Trump deportation drive could cost US economy $5 trillion over 10 years


President Donald Trump’s sweeping crackdown on undocumented immigrants will strain an already tight U.S. job market, with one study suggesting that removing all of them would cost the economy as much as $5 trillion over 10 years.

That represents the contribution of the millions of unauthorized workers to the world’s largest economy, about 3 percent of private-sector gross domestic product, according to a recent paper issued by the National Bureau of Economic Research. At an average of $500 billion in output a year, removing all such immigrants would be like lopping off the equivalent of Massachusetts from the U.S. economy, said study co-author Francesc Ortega.

“It’s a big number,” said Ortega, an economics professor at Queens College in New York, who published the study in November with colleague Ryan Edwards. “Undocumented workers are present across the whole economy, even if they are heavily concentrated in sectors such as agriculture, construction and hospitality.”

Any undocumented immigrant may now be deported, according to a pair of memos issued Tuesday by the Department of Homeland Security implementing Trump’s executive orders. In the memos, the administration pledged to hire 15,000 more border patrol and immigration agents and begin building a wall on the Mexican border.

There were about 8 million unauthorized immigrants in the U.S. working or looking for work in 2014, with California, Texas and New York accounting for the largest share of the workforce, according to Pew Research Center estimates. Most of them are likely to be of working age, which makes them about 5 percent of the U.S. labor force and 3.5 percent of the total U.S. population. Unauthorized immigrants include those who enter the country without legal permission and those who overstay their visas.

Following through on plans to deport undocumented workers would hit industries that already complain of worker shortages, said Ethan Harris, Bank of America Merrill Lynch’s head of global economics in New York.
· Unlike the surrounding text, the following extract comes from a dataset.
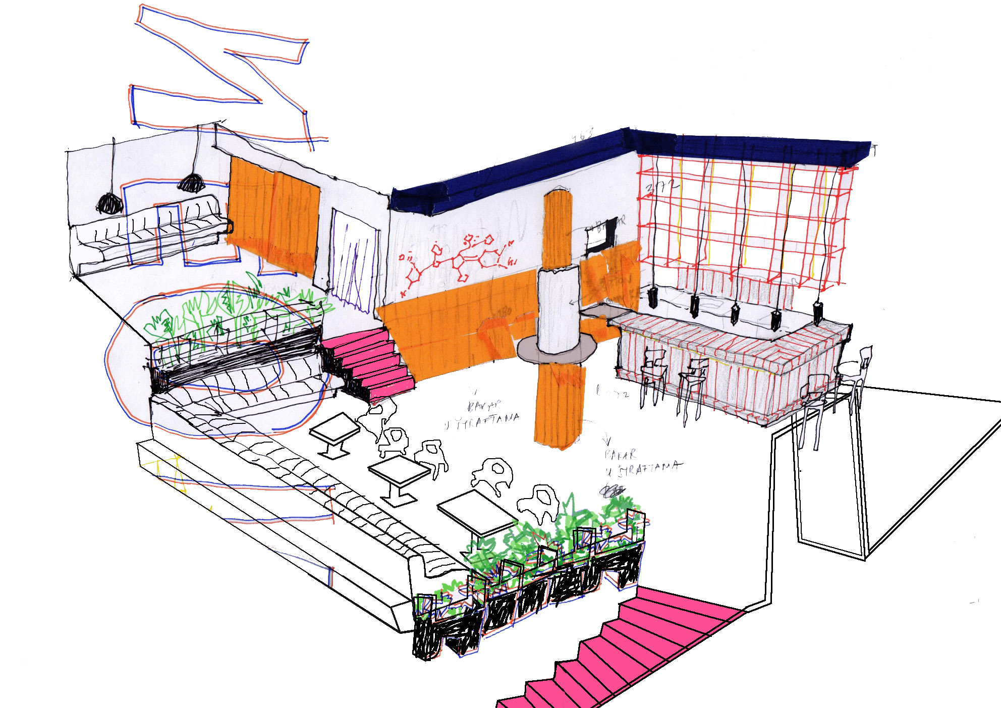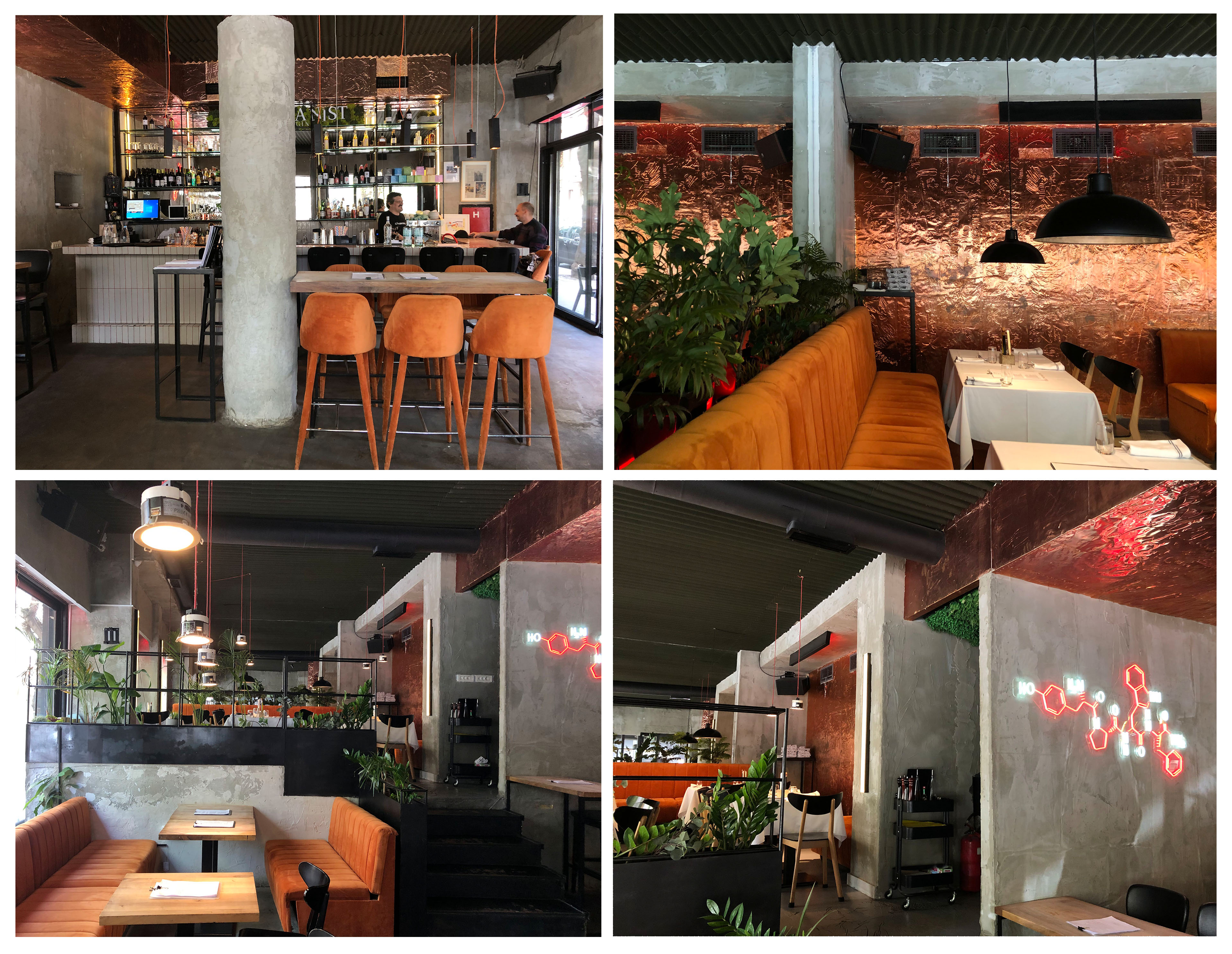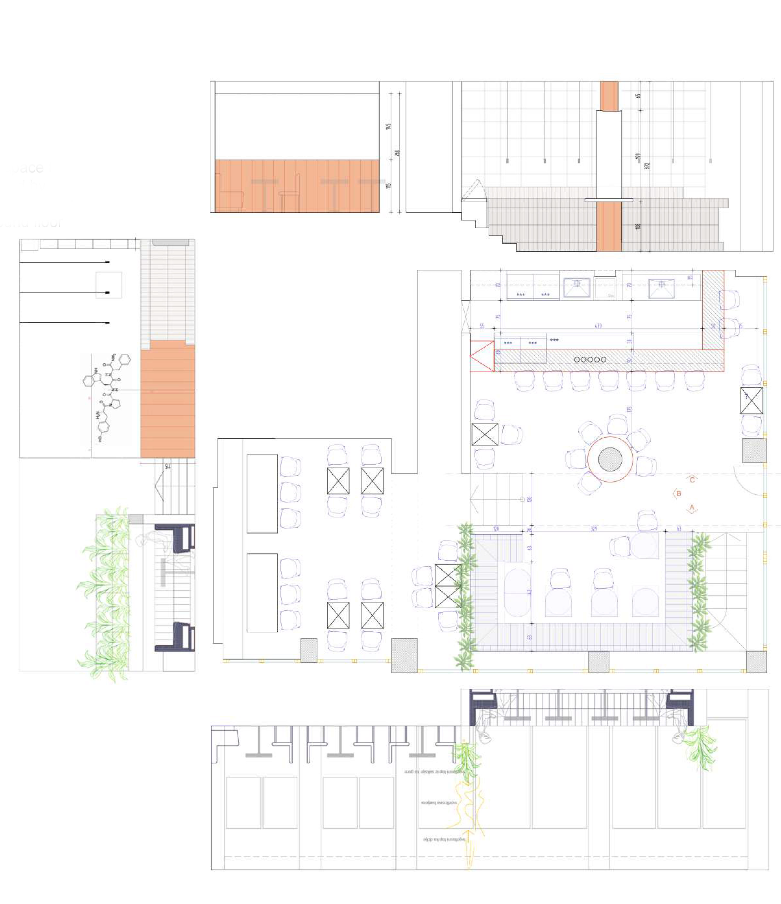 A friend asked a group of friends to help him reconstruct and readapt the space of his bar and restaurant. Finances and time were very narrow and strict, we had to reuse a lot of elements from the previous space and the place had to reopen in a very short amount time. The position of the bar shifted to be parallel to the back wall in order to free up the space for chatting, dancing. Low and relaxing seating area was achieved by introducing new orange seating, making this lower part of the restaurant relaxed in character. The whole space was divided to host a fine dining zone in the upper part of the ground floor. The barrier between two zones was achieved by planting some plants in the black metal pots, creating a see-through barrier but without blocking the sight between two zones of the restaurant. Using low-cost materials found in a local building supply store was helpful financially but also created interesting visual effects. One of them is the green undulating plates originally used for roofing, and now acting as the cover for the old ceiling which was in ruins. Another material we used are thin copper sheets to cover larger areas of walls and some parts of gypsum ceiling, adding the visually stunning effect to the whole space. We drew on all of the copper sheets with whatever we could find to create imprints, in order to give a personal touch to this design decision. Some of the old metal lamps were readjusted to serve as lighting above the bar. The pink and red LED lights were used as an easy fix for creating a visual change but with spending less.
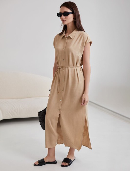 Совместные покупки Уфа Женская одежда Платья — 21.04 Vilatte Длинное платье-рубашка с поясом и разрезами изо льна с вискозой D2

The jobless rate in the U.S. was 4.8 percent in January, a level some economists consider to be full employment.

“The challenge is particularly high now because the labor market has tightened up not just overall but in areas in which you would think undocumented immigrants would be important, so that means that it’s going to be hard to fill these jobs if you deport these employees,” Harris said. “You have to think about indirect effects when you disrupt production in industries in which they’re a critical part of getting things done. So there’s a transition cost, as well as the cost of a reduced labor force.”

Harris estimates that for every 1 million fewer workers in the economy, GDP would be reduced by about 0.5 percent. That’s the equivalent of $94 billion, based on the annualized pace of $18.9 trillion in fourth-quarter GDP.

The Edwards-Ortega research was funded by the Center for American Progress, a Democratic-leaning policy group. White House spokesman Michael Short cited the study’s funding from CAP in dismissing the report as “bogus” without offering specific challenges to the findings. He referred to a 2013 report from the Federation for American Immigration Reform that estimates the annual “costs of illegal immigration at the federal, state and local level to be about $113 billion.”

Trump ran for president on promises to crack down on undocumented immigrants, some of whom he has described as competing with lawful U.S. residents for jobs and contributing to rising crime in some cities. He has said that he would focus deportation efforts on undocumented immigrants who commit crimes in the U.S., but immigration advocates say that the government has already targeted law-abiding people who are in the country without documentation, including some with children or other family members who are citizens.

The U.S. “no longer will exempt classes or categories of removable aliens from potential enforcement,” Homeland Security Secretary John Kelly said in the memos.

“When we started this study last summer, our interest was to study the economic role of undocumented immigrants,” Ortega said. “Little did we know that, a few months later, this could become a serious policy question.”